The Antarctica season beginning in November is likely to be the last one as we know it. Proposed changes to the type of fuel ships are allowed to burn and carry in this fragile ecosystem have now become a reality -- making the future of big cruise ships in Antarctica uncertain.

A rule was passed last summer by the International Maritime Organization (IMO) banning the use and carriage of heavy fuel oils, the type of fuel commonly burned by big ships, in the Antarctic. The reasoning is that a spillage of this type of fuel is considered too much of a risk -- and accidents do happen, as we witnessed in 2007, when Gap Adventures' M/S Explorer was holed by ice and sank.

We reported on this looming issue last year; it's in the news again now, because earlier this month, an actual deadline was set for the implementation of the new regulation -- August 1, 2011 -- making the forthcoming Antarctic summer the last time some lines are likely to visit the region.

So what does this really mean for cruise ships in the region?

Most small expedition cruise ships are unaffected, as almost all of them run on marine gas oil and marine diesel oil, neither of which is included in the ban. However, the International Association of Antarctic Tour Operators (IAATO) predicts that the number of passengers on "seaborne" cruises -- voyages on big ships that cruise the region but don't land anywhere -- could plummet from 14,350 this year to just 6,400 next year. Overall, the new rules could lead to a 23 percent decline in cruise tourism to Antarctica.

The problem facing the cruise lines is this: not only will ships be banned from using heavy fuel oil -- but they won't be allowed to carry it, either. Practically speaking, the former is possible to manage; it's not uncommon for a ship to burn more economical, heavy oil for long sea passages and switch to a more expensive but less polluting fuel when nearer shorelines.

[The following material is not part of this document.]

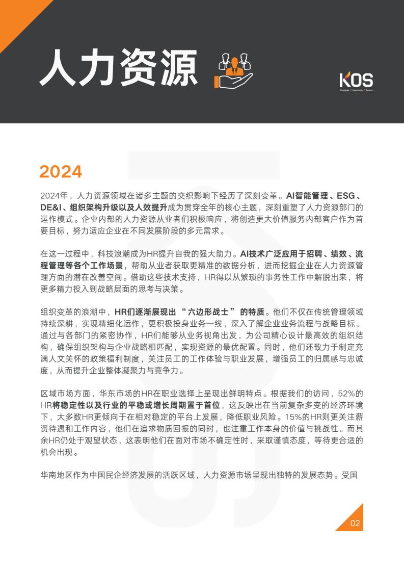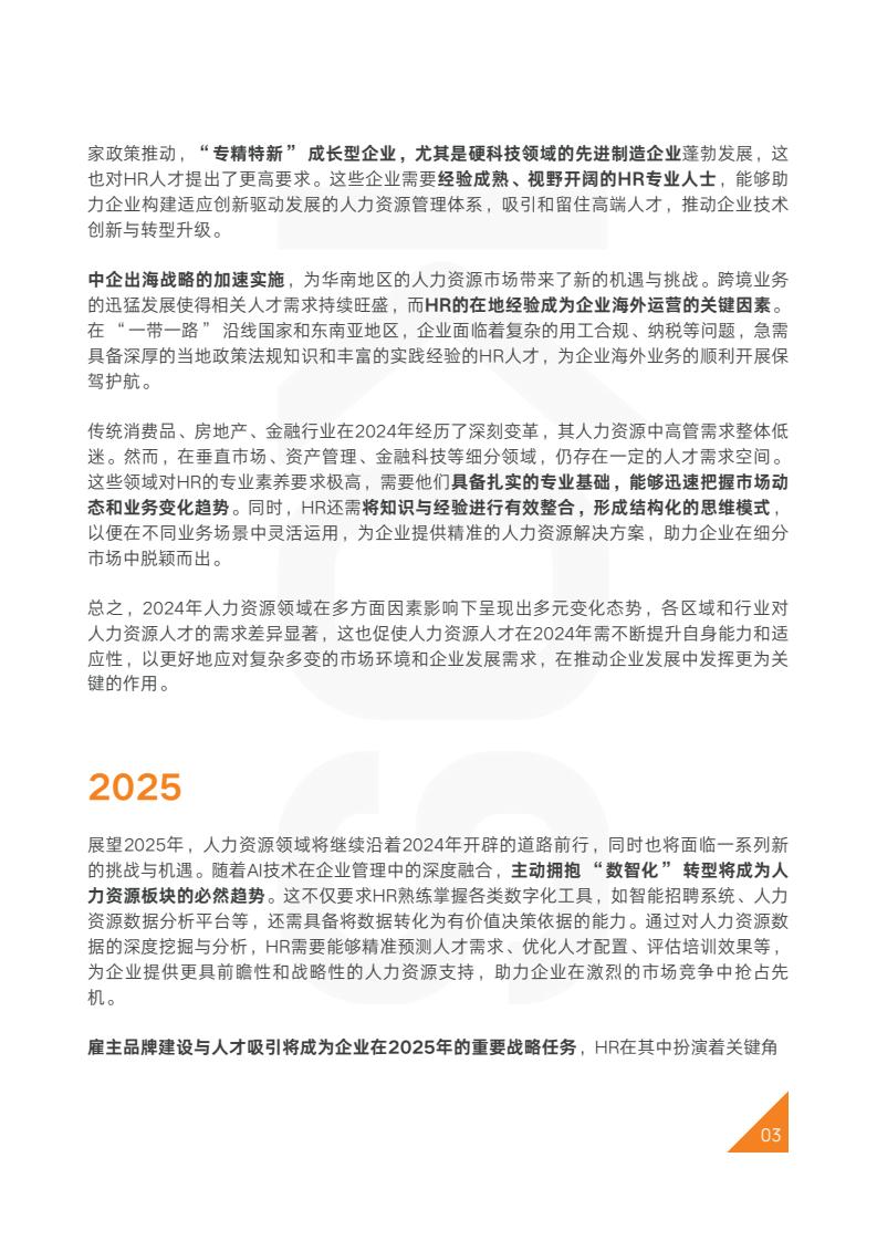 与此同时,随着企业变革发展,人力资源专家类岗位同样重要,如薪酬绩效、组织发展、SSC、HRIS等岗位在企业精细化管理和数字化转型进程中,将继续发挥不可或缺的专业支持作用,其需求也将保持强劲态势。

But, in Antarctica, the new rules on carriage would mean working out a complicated formula whereby all the "bad" fuel is used up before entering the area governed by the Antarctic Treaty (south of 60 degrees latitude) and "good" fuel is burned not only for the sailing in Antarctica, but the whole voyage back to South America, the nearest landfall and refueling stop. Needless to say, "good" fuel is more expensive -- a cost likely to be passed on to the passenger.

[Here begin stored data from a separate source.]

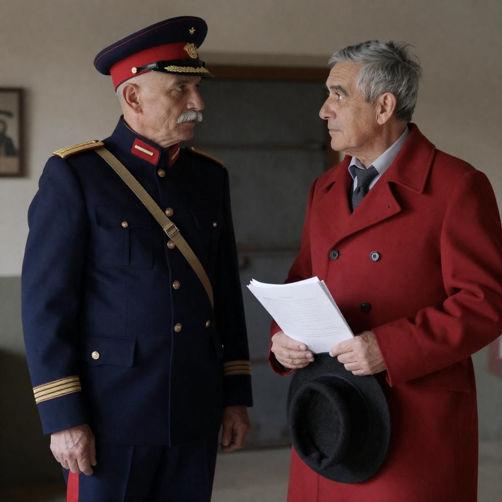 Two older men with gray hair and mustaches stand next to a red and green piece of machinery. The man on the left wears a brown hat, blue shirt, and brown vest, pointing at the machinery. The man on the right wears a brown coat and striped shirt, looking up at the man on the left. Green trees in the background.
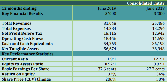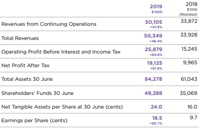 FY19 Key Highlights for the period ended June 30, 2019: Total revenue and other income for the period was reported at $32.50 million, an increase of 24% on a y-o-y basis. Profit after tax for the period was reported at $18.134 million, up from $13.224 million in prior corresponding year. During the period, the company reported an increase of 35.7% in earnings per share, which came in at 37.6 cents. Cash and cash equivalents at the end of the period was reported at $54.269 million. During the period, the Board of Directors declared an unfranked dividend of 25 cents per share. .png)
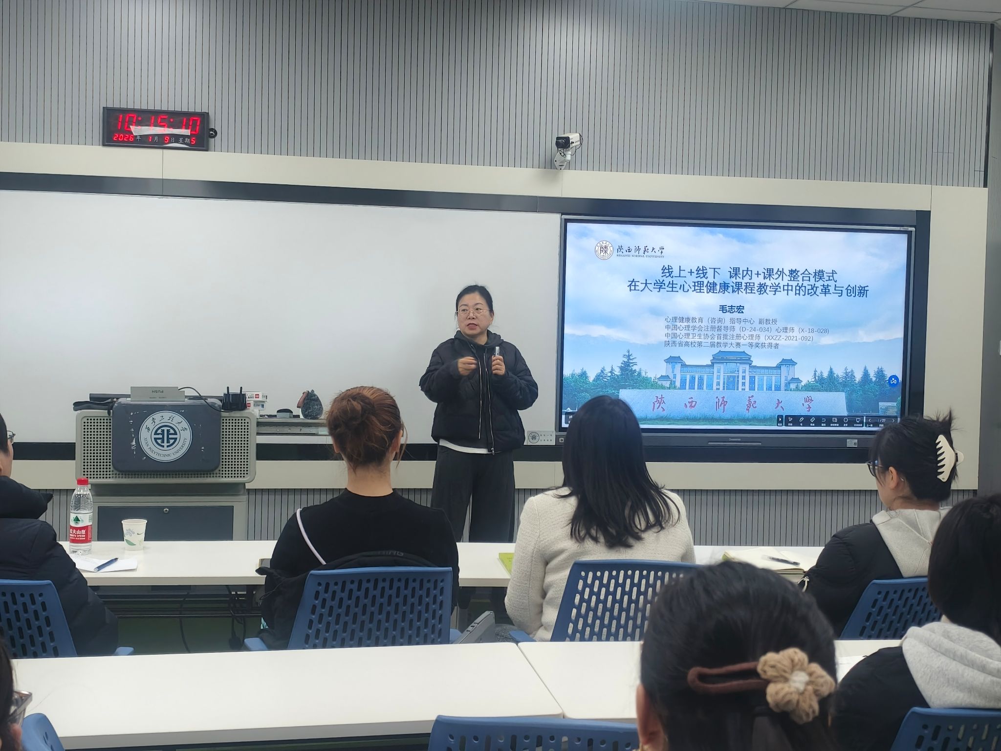 会议特邀陕西师范大学心理健康教育(咨询)指导中心毛志宏副教授作专题培训。毛志宏以“线上+线下、课内+课外整合模式在大学生心理健康课程教学中的改革与创新”为主题,系统阐述了课程建设的核心要求与实施路径,强调要依托数字平台拓展教学资源、优化课程结构、提升教学实效,推动教师教学与科研能力协同发展。

Steve Wellmeier, executive director of IAATO, told Cruise Critic: "This will mostly affect the large vessels that we put into the 'cruise-only' category (500-plus passenger vessels where no landings are offered to those aboard). Thus, companies like Holland America, Princess Cruises, Celebrity Cruises, Crystal Cruises and Regent Seven Seas will be impacted, although some of these are looking at using the lighter grade distillate fuels and complying with the ban."

We approached all of these lines, as well as Silversea Cruises, and among those who replied, the response is mixed. Holland America Line has issued a statement confirming it will sail in Antarctica beyond 2011, saying that: "As a member of the International Association of Antarctica Tourism Operators (IAATO), Holland America Line is in full compliance with all governmental and environmental regulations that preside over Antarctic waters."

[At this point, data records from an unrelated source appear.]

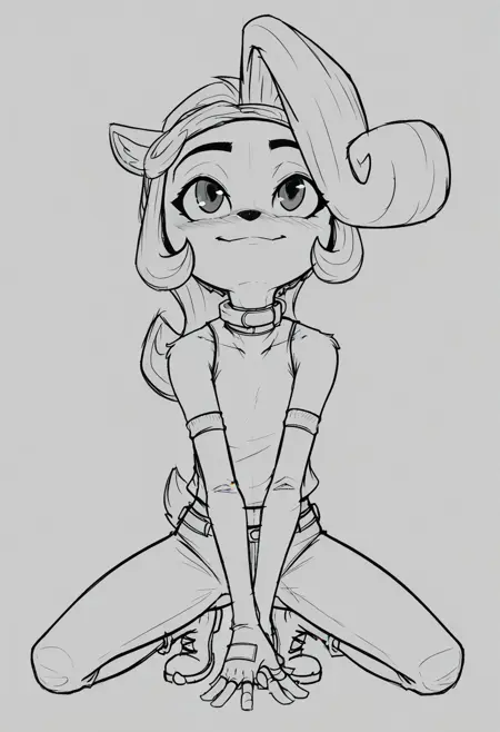 flo, solo, 1girl, solo, coco_bandicoot, furry, furry female, blonde hair, animal ears, breasts, long hair, animal nose, green eyes, ponytail, body fur, small breasts,
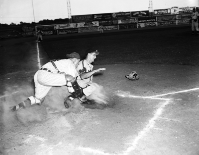 Image shows a game between Fort Worth and Shreveport. Pete Lewis is shown sliding home in fourth inning at La Grave Field. Ken Staples, right, is Cats catcher. Umpire Allen Andrews' ruling was that Lewis is safe drew arguments from Cats. Published in the Fort Worth Star-Telegram morning edition, July 31, 1950.
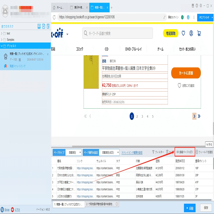 ソフトウェアの「詳細ページに行く」機能を利用し、販売会社/発売会社、JANコード、在庫などの情報を抽出します。

Royal Caribbean will also continue to send ships after the ban -- but not from its Celebrity Cruises brand. Director of environmental programs Rich Pruitt told us: "Next year, we will send Celebrity Infinity to Antarctica, before the ban, and in 2012, Azamara Journey will be going." As Azamara Journey is a mid-sized ship carrying only 700 passengers, Pruitt explains, it will burn much less of the approved, more expensive fuel than a larger vessel would.

On the other hand, Regent Seven Seas Cruises spokesman Tim Rubacky tells us that once the ban is in place, the line will have no choice but avoid Antarctica. "We haven't been given a communication that this has been formalized," Rubacky says, but once the word comes, there will be "no consideration whatsoever" given to switching fuels in order to comply. Regent simply won't go.

The same applies to Crystal. Mimi Weisband, vice president, public relations, told Cruise Critic: "The ban on certain fuel oils effectively prohibits large passenger vessels from sailing the region. With that in mind, our last sailing in the area will be January 20, 2011 -- a cruise from Valparaiso to Buenos Aires on Crystal Symphony."

Princess and Silversea did not respond with comment by press time.

What do you think? Should big ships sail in Antarctica? Or should it be left to the small expedition vessels?